[Exercise directions] Restate each line below word for word, skipping every picture.

[Data block]
□ □ □ □ □

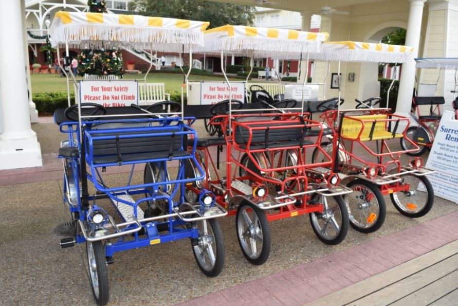 Um dos grandes atrativos do Disney’s Boardwalk é o passeio de bicicleta, que pode ser dupla ou quádrupla. O passeio é muito relaxante e em meio às andanças diárias nos parques, acaba sendo saudável, pois alivia a circulação do sangue nas pernas.
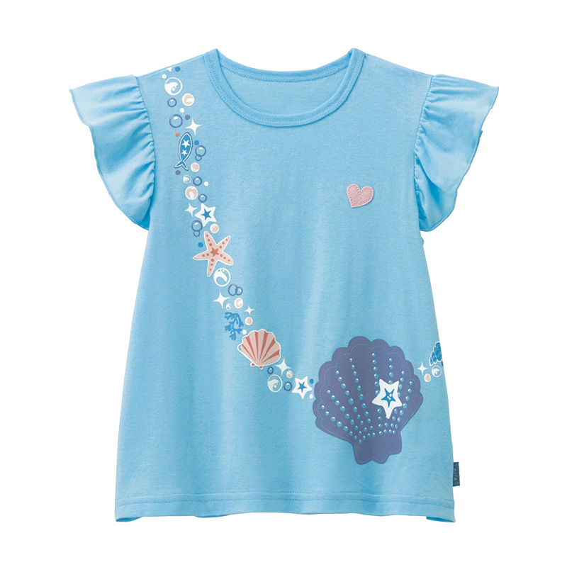 25 새로운 여자 여름 옷 여자 Feifei 슬리브 티셔츠 반팔 셔츠 순수 코튼 아기 소녀 조끼 일본식 중대형 어린이스토어 가기
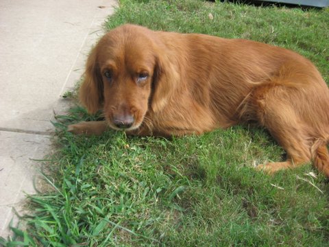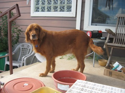 fringy ears, long legs, and dark red coat, Judy has an Irish Setter look to her.

□ □ □ □ □

[Expected output]
 Um dos grandes atrativos do Disney’s Boardwalk é o passeio de bicicleta, que pode ser dupla ou quádrupla. O passeio é muito relaxante e em meio às andanças diárias nos parques, acaba sendo saudável, pois alivia a circulação do sangue nas pernas.
 25 새로운 여자 여름 옷 여자 Feifei 슬리브 티셔츠 반팔 셔츠 순수 코튼 아기 소녀 조끼 일본식 중대형 어린이스토어 가기
 fringy ears, long legs, and dark red coat, Judy has an Irish Setter look to her.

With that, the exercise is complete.